Ao chegarem no campo, os soviéticos encontraram poucos prisioneiros, uma vez que os nazistas
já haviam mandado a maioria dos prisioneiros marcharem rumo ao oeste da Alemanha naquelas
que ficaram conhecidas como as bárbaras "marchas da morte". Mas a perseverança e o
internacionalismo soviético ainda conseguiram encontrar vivos milhares de prisioneiros
cadavéricos, possuindo provas concretas e abundantes para alegar o extermínio em massa
perpetrado em Auschwitz pelos carrascos nazistas, que mais tarde pagariam a conta pelos seus
crimes contra a humanidade no célebre julgamento de Nuremberg. Apesar de tudo, o Exército
Vermelho liberta então 8 mil prisioneiros apenas em Auschwitz.

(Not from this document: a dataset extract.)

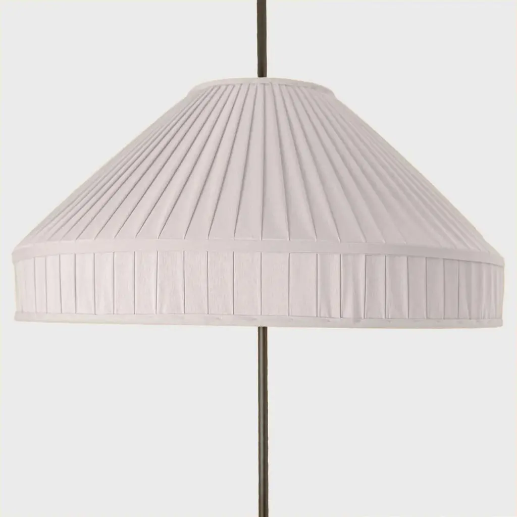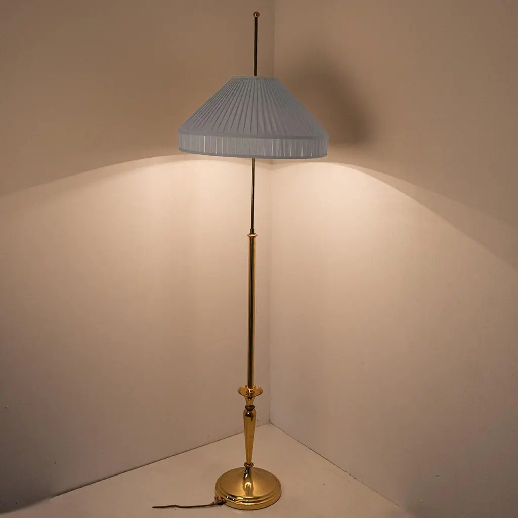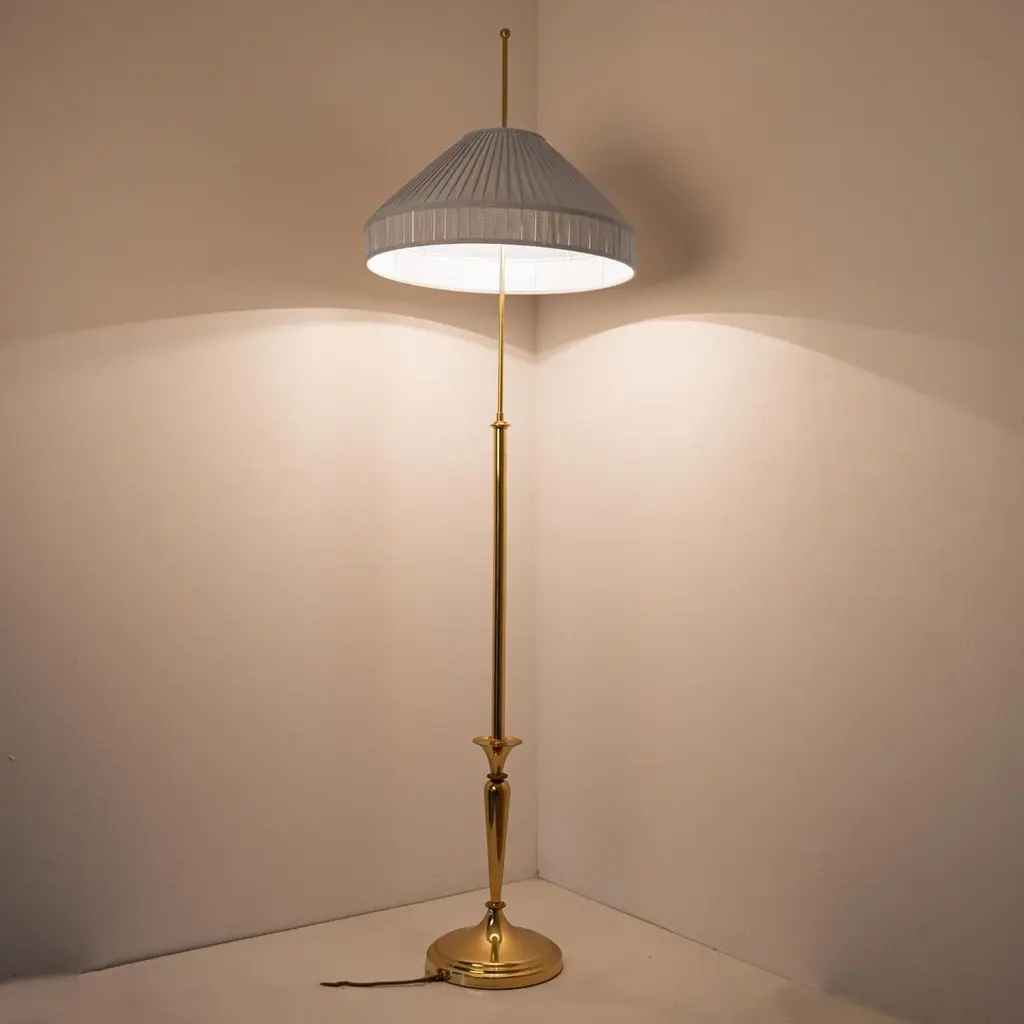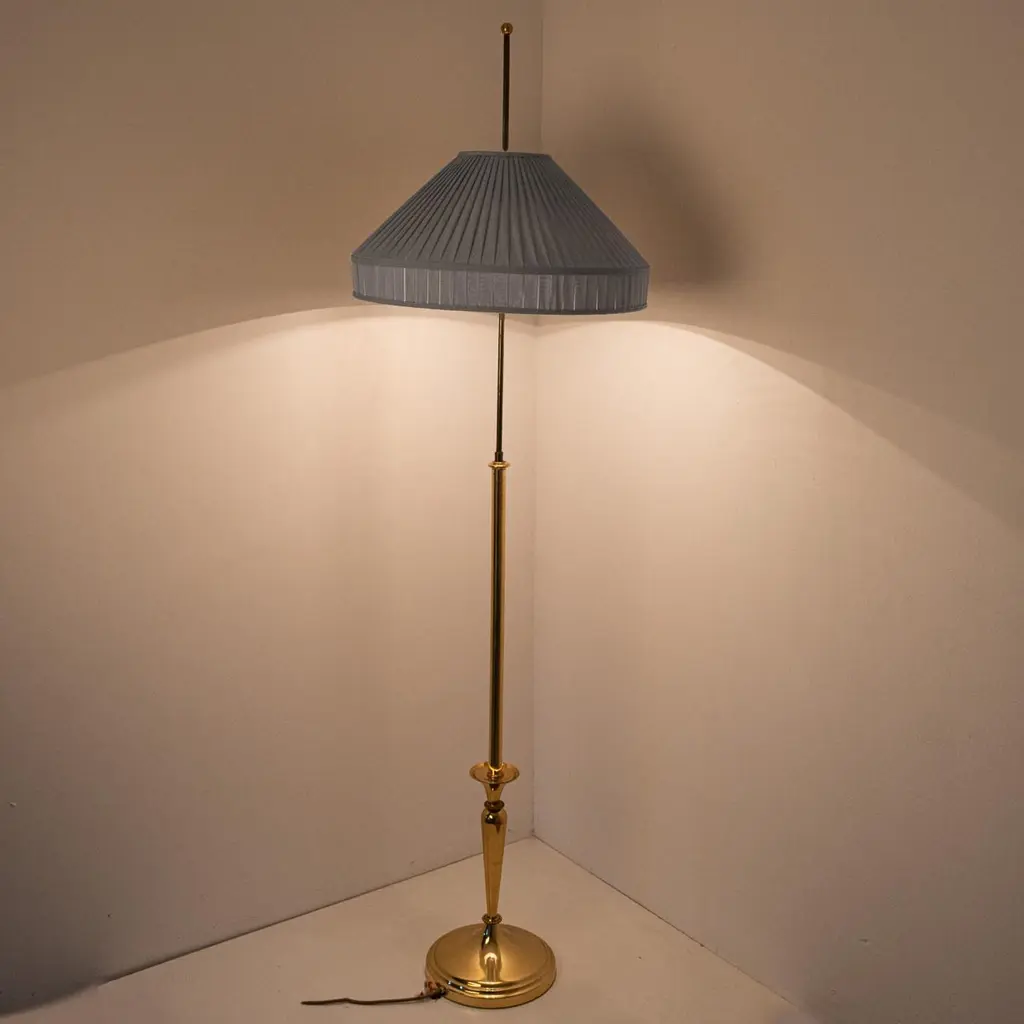 Classic Floor Lamp on a Brass and Black Base, Germany 1960.The relatively large fabric shade, characterized by a subtle slope and a straight vertical edge at its end, was also common for the time, but it was usually decorated with fringes at the bottom.Please notice the price is for one piece. 2 pieces available.Cleaned and well-wired, in full working and ready to use. The fixture requires two E27 light bulbs.

Nos meses que se seguiram, os soviéticos ainda obtiveram êxito em liberar mais campos nos
países Bálticos e na Polônia e, um pouco antes da rendição nazista, eles já haviam libertado
prisioneiros dos campos de Stutthof, Sachasenhausen, além de Ravensbrueck.

Dissolução da URSS e a herança socialista para o judaísmo

Com a dissolução da URSS e consequente expansão do antissemitismo e do neonazismo no


leste europeu, milhões de judeus das antigas repúblicas socialistas soviéticas migraram para
Israel, onde diversos canais russos de televisão chegaram a ser transmitidos.

Atualmente existem muitos russos morando em Israel e essa influência fez com que em 2012,
durante as eleições russas, o governo russo criasse 13 postos de votação em diversas cidades
israelenses, permitindo que os cidadãos russos que residem em Israel, pudessem votar.

Não obstante, o célebre Dia da Vitória (День Победы), comemorado no 9 de maio e que
celebra a derrota das tropas nazistas na Europa, não é só uma data de celebração na Rússia,
como também em Israel, onde diversos veteranos da extinta União Soviética residem.
Monumentos que remetem ao heroísmo do Exército Vermelho também não faltam em Israel,
como por exemplo o monumento de Netanya ou o monumento no Monte Herzl em Jerusalém.

A importância do Dia da Vitória pode ser entendida quando é celebrado por pessoas como
Vladimir Zhirinovsky, por exemplo, que perdeu quatro parentes no holocausto e que alertou
sobre a explosão de antissemitismo acompanhado da queda do governo de Yanukovych, na
Ucrânia.

Algumas célebres personalidades judias na condução do Governo Soviético

A revolução bolchevique e posteriormente o governo soviético tiveram a contribuição de


diversos judeus na construção da pátria socialista. Além de sabido que o avô materno de Lenin
era judeu, conhecidas figuras do governo soviético que ocuparam o oficialato, eram de origem
judaica, apesar de não praticarem a religião. Zinoviev, da polícia secreta soviética; Lozovsky,
delegado do ministério do exterior; Andropov, diretor da KGB e posteriormente presidente da
União Soviética; Sverdlov, que fora presidente do Comitê Executivo Central dos Sovietes em
1917; Kaganovich, administrador do governo muito próximo de Stalin; Yagoda, chefe da
O.G.P.U, dentre vários outros.

Conclusão

Ser comunista e antissemita é não apenas uma enorme contradição, como um grande passo em
direção ao nazismo; é jogar no lixo todo o esforço do internacionalismo soviético ao reabilitar o
povo judeu o tirando das trevas do Czar e posteriormente do nazismo e oferecendo a este povo
condições dignas de vida; é também negar a relação estreita entre o socialismo e o judaísmo,
conforme provado no presente artigo através de vasta fundamentação; é negar uma tradição
histórica de orgulho e libertação não só para a Europa como para Israel.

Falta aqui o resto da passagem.